February 10, 2011 by Brett Wilkins in Africa, Middle East, Protests with 0 Comments

At first, the crowd of hundreds of thousands of Egyptians gathered in historic Tahrir Square in Cairo was ecstatic. Word on the street– literally– was that Egyptian dictator Hosni Mubarak would announce he was finally stepping down when he addressed the nation in a televised speech late this evening. But when Mubarak took to the airwaves, elation turned to seething anger as it quickly became apparent that the tyrant had no intentions of relinquishing power.

Calling himself Egypt’s “father” and the protesters his “sons and daughters,” Mubarak’s speech was an exercise in condescension, defiance and stating the obvious. He said he was proud of the protesters, who represent “a symbol of a new generation of Egyptians that is calling for a better change.” He promised that the hundreds of slain demonstrators, whom he called “martyrs,” will not have died in vain and that those responsible for their deaths will receive “severe punishments.”

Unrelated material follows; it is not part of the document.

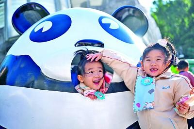 11月29日,澳門(mén)幼兒園小朋友在石排灣郊野公園大熊貓館外玩耍。 新華社發(fā)

Calling the demonstrators’ demands “legitimate and right,” Mubarak said he heard the protesters’ voices and “my response to your voice, to your message, to your demands, is an irrevocable commitment and I am determined strongly to pledge what I have promised you with all seriousness and frankness.”

But real frankness would seem to demand that Mubarak recognize the fact that the protesters won’t be satisfied with anything less than the removal of the dictator from power. That’s not something he is currently willing to do. He repeatedly referred to himself as the country’s president and offered up some weak concessions in an unsuccessful attempt to placate the seething masses thronging the streets of Cairo and other cities.

Even before his speech was finished, the crowd in Tahrir Square was angrily chanting “out now!”, “leave! leave!”, and “Down, down, Hosni Mubarak!” “We won’t allow him to steal our revolution,” one protester said. “Tomorrow we’re going to the presidential place and to all other public buildings in the country. We have to force him to leave office,” promised another.

What happens next is uncertain. The only thing that is for sure is that for Egyptians, the only tomorrow that is acceptable is one without Hosni Mubarak as their leader.